With thanks to Professor Stefan Enchelmeier for providing me the more recent news on the fate of this ruling.

6 comments


  1. Rosalind English says:

    And thank you again for the PDF of the judgment, now linked in the post.

  2. Vela says:
  3. Rob Ellis says:

    Thank you very much for highlighting this ruling, which relates to the rules in place in Thuringia state last April (whereby the contact rules have been similar in all 16 federal states across Germany throughout the pandemic, and are stricter than ever at present).

    Since last spring German courts have played a very important role in scrutinising the executive regulations passed by the federal states (following coordination between state premiers and the federal government), and a number of rulings have helped correct overreaching policies by annulling unjustified and disproportionate restrictions on individual freedoms. This has been particularly important given the marginal rule played in the process by national and state legislatures.

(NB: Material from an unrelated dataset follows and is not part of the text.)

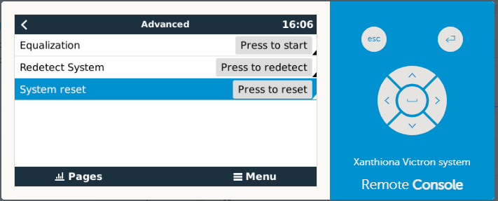 Gelukkig kan ik dankzij de Victron GX, het centrale brein in het elektrisch systeem, veel uitlezen op afstand en ook de Quattro resetten. Voordat ik dat doe, controleer ik via het VRM nog een keer de instellingen van de Quattro. Zie hieronder.
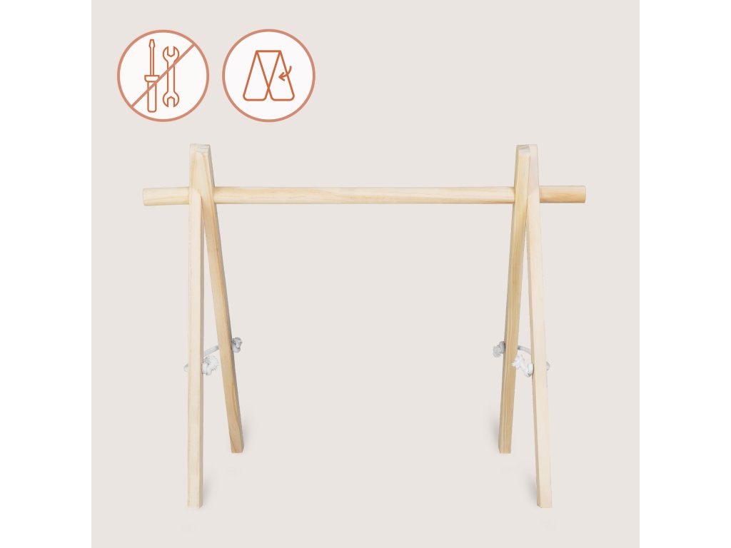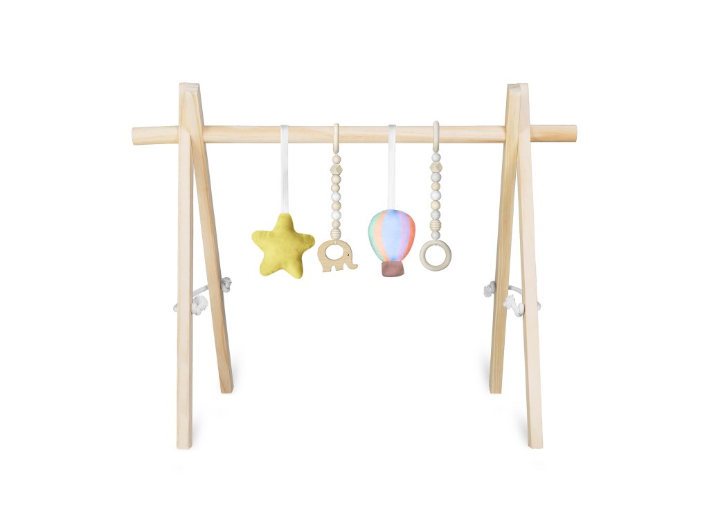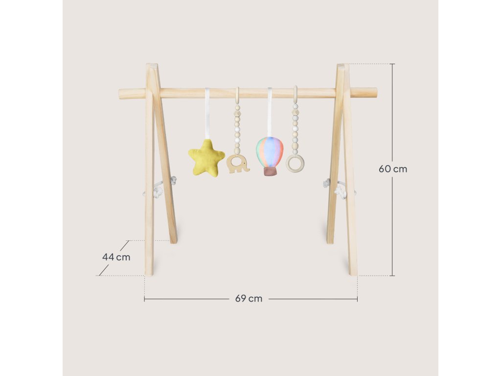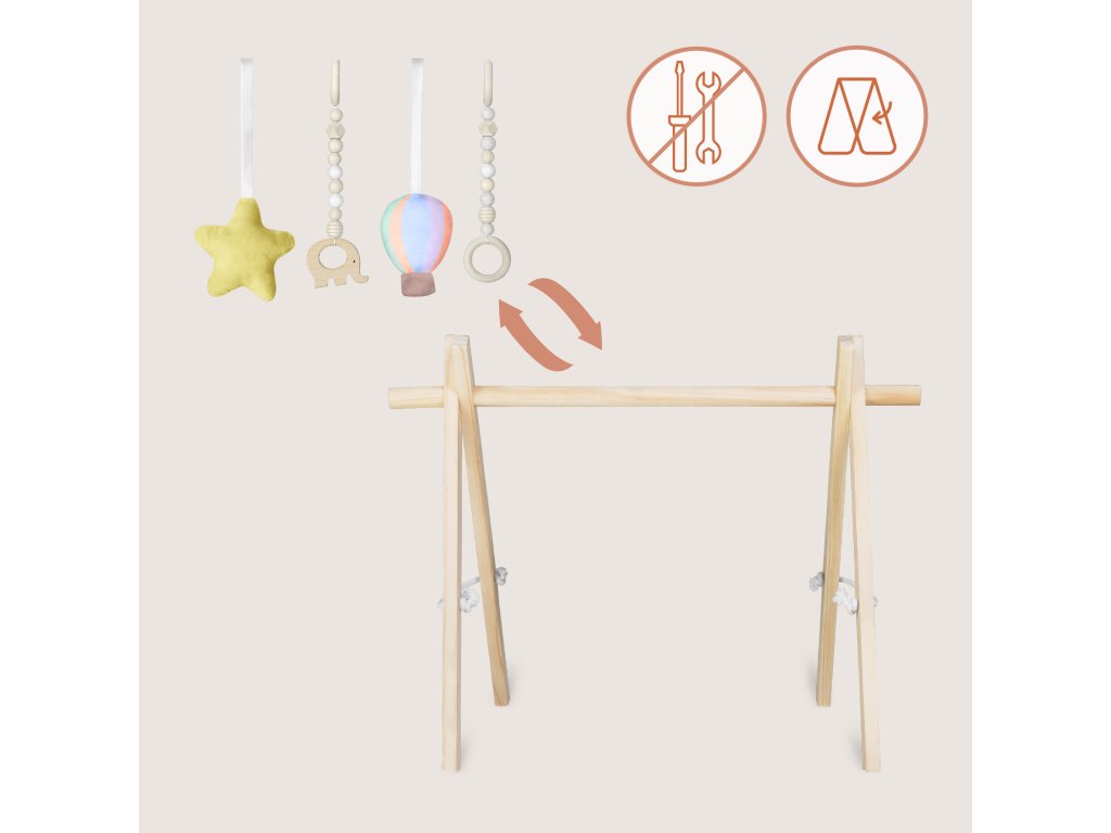 Minimalistická hrazdička inspirovaná Montessori přístupem vnáší do interiéru přirozenou harmonii a klidnou atmosféru. Tlumená paleta barev hraček podporuje soustředěnou, všímavou hru a dítě nezatěžuje přemírou podnětů.

    Just before Christmas 2020 the latter point was somewhat corrected, and the Protection Against Infections Act (InfSchG) mentioned in the blog was amended (https://www.gesetze-im-internet.de/ifsg/__28a.html) to create a more detailed and robust legal basis for federal states to pass C-19 regulations restricting basic freedoms. Whilst clearly not perfect, this extended legal basis does at least now help legitimise current and future restrictions, by setting out more explicitly the thresholds for and conditions attached to doing so. For example, the new Section 28a of the Act now requires all regulations to be time-limited to four weeks (with extension possible). It also stipulates that the restrictions may not result in the complete isolation of individuals or groups and that “a minimum of social contact must be guaranteed” (though this provision is, I believe, yet to be the subject of jurisprudence on current rules).

    There is broad political consensus in Germany that the Protection Against Infections Act needs to be overhauled to cope with future pandemics, by creating a firmer legal base for encroachments into basic rights. For now, the debate turns to vaccinating the population and questions around maintaining restrictions (or not) on those who have received the vaccine. But courts across the country will continue to play a role in ensuring a proportionate response to the pandemic, and it is indeed possible that one day landmark rulings in the national courts will help inform the future legislative framework.

    1. Rosalind English says:

      Thank you Rob for this very interesting and detailed response. I will certainly follow up your links.

  4. tyelko says:

    I’m sorry, but the this article is incorrect on several aspects.

    The court didn’t address any medical facts, nor did it “meticulously examine” any studies. That’s patently impossible, since the court heard no experts. As such, the court was incapable of examining any medical studies “meticulously”, lacking any and all qualifications to do so.

    The statements by the court on medical facts lack any and all merit. They merely parrot tropes by critics and fly in the face of actual medical research and recommendations by experts.

    In fact, that the arguments by the court are illogical in and of themselves. Notably, the notion that “Failure to undergo surgery, inpatient treatment, doctor visits because patients feared infection with Covid-19.” has anything to do with lockdown measures and not, in fact, the pandemic itself, is absurd.

    It should also be noted that the German Constitutional Court already noted in a decision from November that the Constitution holds the Government to enact measures to protect life and prevent bodily harm.

    1. Rosalind English says:

      Thank you. I have amended the post to reflect your comments about medical evidence.